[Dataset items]

================================

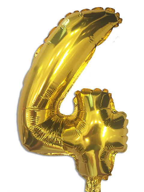 Фольгована кулька у вигляді цифри "4" з клапаномКолір: золото
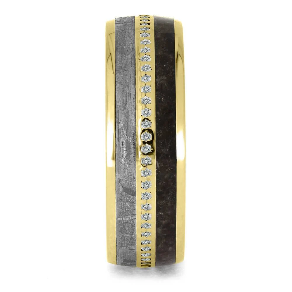Dinosaur bone and meteorite come together in this diamond eternity ring. A meteorite wedding band is an exotic choice for a men’s or women’s ring, perfect for symbolizing your unique love. Every piece of meteorite and dinosaur bone has a unique pattern, making your eternity wedding band one-of-a-kind!
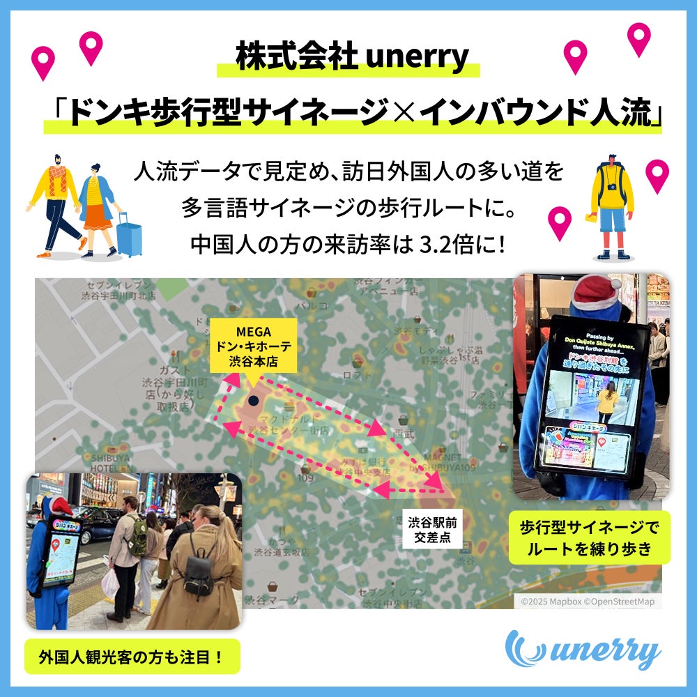 ドンキ歩行型サイネージプロジェクトは、ドン・キホーテ、unerry、メーカーが協働したインバウンド集客施策です。
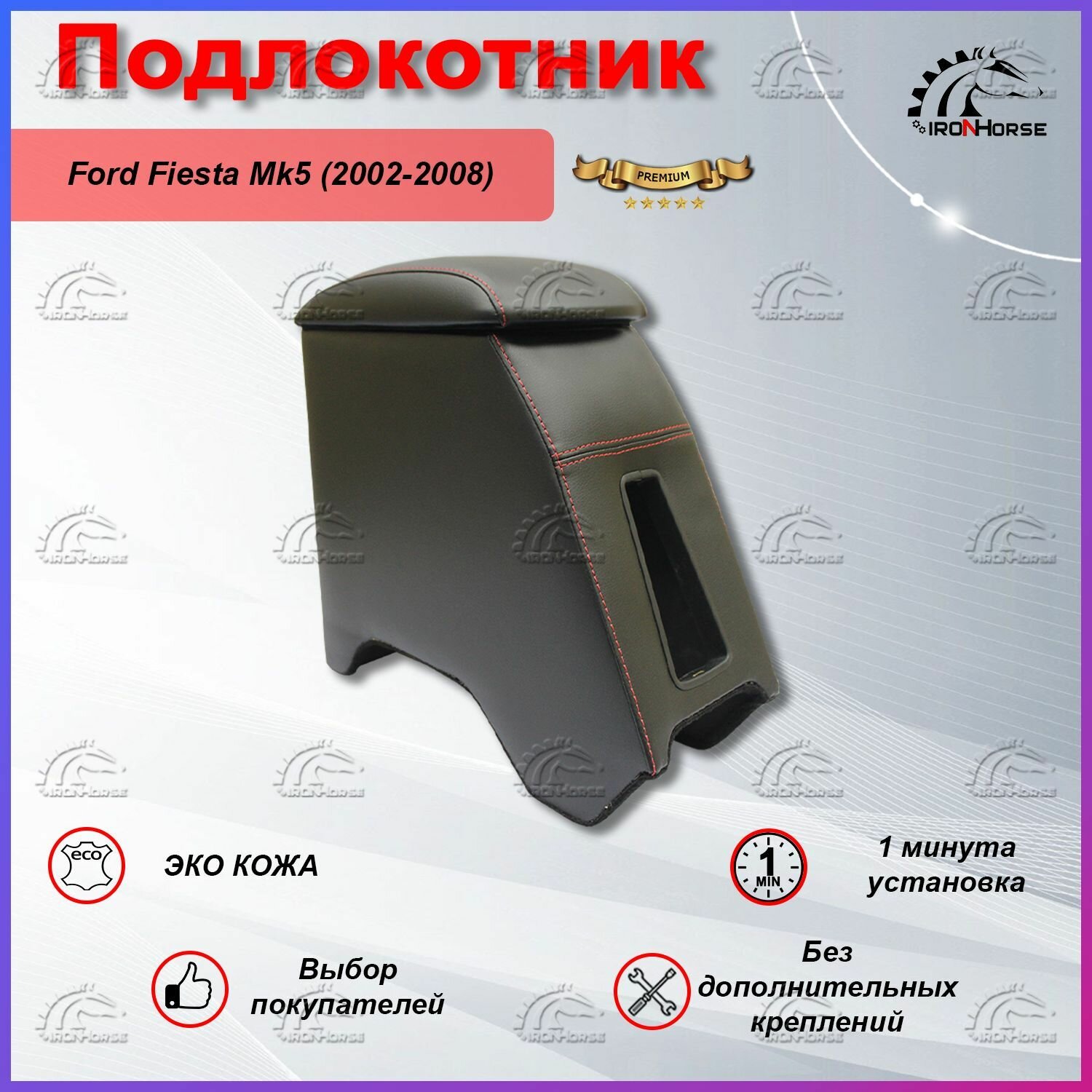 Подлокотник для автомобиля Форд Фиеста Mk5 / Ford Fiesta Mk5 красная строчка (2002-2008) — является важным и стильным аксессуаром для Вашего автомобиля. Он станет для Вас дополнительной опорой, что позволит сделать поездку менее утомительной и снять мышечное напряжение. Также это органайзер для всевозможных мелочей (денег, ключей и т. п.). Подлокотник высокого качества идеально впишется в интерьер Вашего автомобиля. Перетяжка выполнена из качественной Экокожи с перфорированной вставкой с красной строчкой. Подлокотник устанавливается без лишних крепежей и саморезов не больше одной минуты.
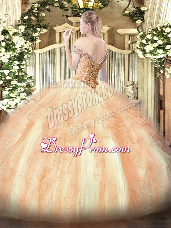 Neckline : Off the shoulderShown Color : Yellow GreenSilhouette : Ball GownsSleeve Length : sleevelessHemline : floor lengthBack Detail : Lace upFabric : TulleEmbellishment : Beading,RufflesOccasion : Military Ball,Sweet 16,QuinceaneraSeason : Spring,Summer,Fall,Winter
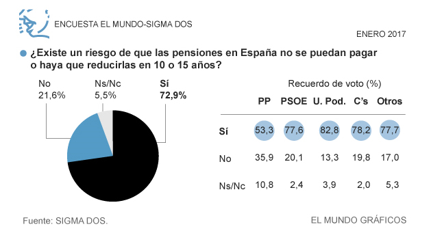 Respecto a las Pensiones, una encuesta de Sigma Dos para El Mundo, asegura que el 72,9% de los consultados responde con rotundidad que existe un riesgo de que las Pensiones no se puedan pagar o haya que reducir la cantidad que se abona. Concretamente indican que el Estado podría dejar de pagar las Pensiones en un plazo de entre 10 y 15 años; y 3 de cada 4 ciudadanos considera que la ‘hucha’ de las Seguridad Social está en riesgo. Únicamente el 21,6% se muestran confiados.

================================

▶ **TASK**: Omitting all pictures, retype exactly the lines from the line containing "ドンキ歩行型サイネージプロジ" down to the last line above, both ends included.

▶ **ANSWER FOR THIS EXERCISE**:
 ドンキ歩行型サイネージプロジェクトは、ドン・キホーテ、unerry、メーカーが協働したインバウンド集客施策です。
 Подлокотник для автомобиля Форд Фиеста Mk5 / Ford Fiesta Mk5 красная строчка (2002-2008) — является важным и стильным аксессуаром для Вашего автомобиля. Он станет для Вас дополнительной опорой, что позволит сделать поездку менее утомительной и снять мышечное напряжение. Также это органайзер для всевозможных мелочей (денег, ключей и т. п.). Подлокотник высокого качества идеально впишется в интерьер Вашего автомобиля. Перетяжка выполнена из качественной Экокожи с перфорированной вставкой с красной строчкой. Подлокотник устанавливается без лишних крепежей и саморезов не больше одной минуты.
 Neckline : Off the shoulderShown Color : Yellow GreenSilhouette : Ball GownsSleeve Length : sleevelessHemline : floor lengthBack Detail : Lace upFabric : TulleEmbellishment : Beading,RufflesOccasion : Military Ball,Sweet 16,QuinceaneraSeason : Spring,Summer,Fall,Winter
 Respecto a las Pensiones, una encuesta de Sigma Dos para El Mundo, asegura que el 72,9% de los consultados responde con rotundidad que existe un riesgo de que las Pensiones no se puedan pagar o haya que reducir la cantidad que se abona. Concretamente indican que el Estado podría dejar de pagar las Pensiones en un plazo de entre 10 y 15 años; y 3 de cada 4 ciudadanos considera que la ‘hucha’ de las Seguridad Social está en riesgo. Únicamente el 21,6% se muestran confiados.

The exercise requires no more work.